2

I don't want to download the whole web page. It will take time and it needs lot of memory.

How can i download portion of that web page? Then i will parse that.

Suppose i need to download only the <div id="entryPageContent" class="cssBaseOne">...</div>. How can i do that?

cola
  • 12,198
  • 36
  • 105
  • 165
  • 3
    You can't. Not unless you have control over the server and can customize the response. In that case you can send back a partial view. – Rob Apr 10 '12 at 16:26
  • Perhaps: http://stackoverflow.com/questions/1538952/retrieve-partial-web-page – mikevoermans Apr 10 '12 at 16:27
  • @Rob: the server can't exactly force the client not to close the socket before it's read all of the data. – Wooble Apr 10 '12 at 16:31

2 Answers2

5

You can't download a portion of a URL by "only this piece of HTML". HTTP only supports byte ranges for partial downloads and has no concept of HTML/XML document trees.
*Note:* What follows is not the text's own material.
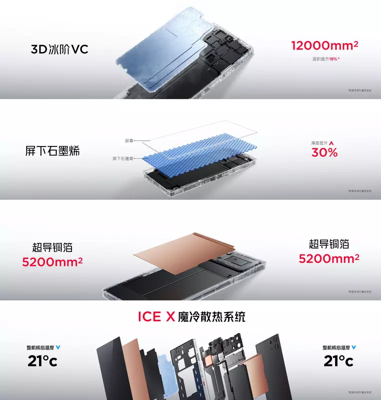 Oba smartfony są skierowane do graczy i posiadają zaawansowany system chłodzenia, który obejmuje komorę parowania 3D, folię miedzianą i warstwę grafenu. Po raz pierwszy w serii zastosowano chłodzenie ciekłym metalem i aktywne chłodzenie z wentylatorem odśrodkowym.
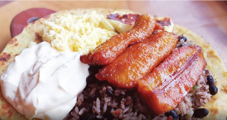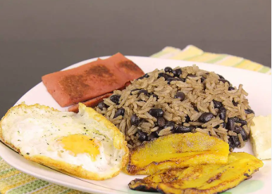Deliciosa porción de pinto con huevo natilla maduro salchichón pan (porción personal)

So you'll have to download the entire page, load it into a DOM parser, and then extract only the portion(s) you need.

e.g.

$html = file_get_contents('http://example.com/somepage.html');
$dom = new DOM();
$dom->loadHTML($html);
$div = $dom->getElementById('entryPageContent');

$content = $div->saveHTML();
Marc B
  • 356,200
  • 43
  • 426
  • 500
  • For `$html = file_get_contents('http://example.com/somepage.html');` , where does it download that file temporary? In memory? Or somewhere in hard disk? – cola Apr 14 '12 at 12:28
  • It'll go directly into $html. If you want to have it written to disk, you'll need to write it out yourself. – Marc B Apr 14 '12 at 22:24
  • So does it store that webpage source into memory? – cola Apr 16 '12 at 17:18
  • PHP variables are by definition "in memory". You'll get the html of that url and nothing else. curl/file_get_contents are not browsers and will not 'spider' a page and download all the content in it. – Marc B Apr 16 '12 at 18:33
0

Using this:

curl_setopt($ch, CURLOPT_RANGE, "0-10000");

will make cURL download only the first 10k bytes of the webpage. Also it will only work if the server side supports this. Many interpreted scripts (CGI, PHP, ...) ignore it.

kuba
  • 7,329
  • 1
  • 36
  • 41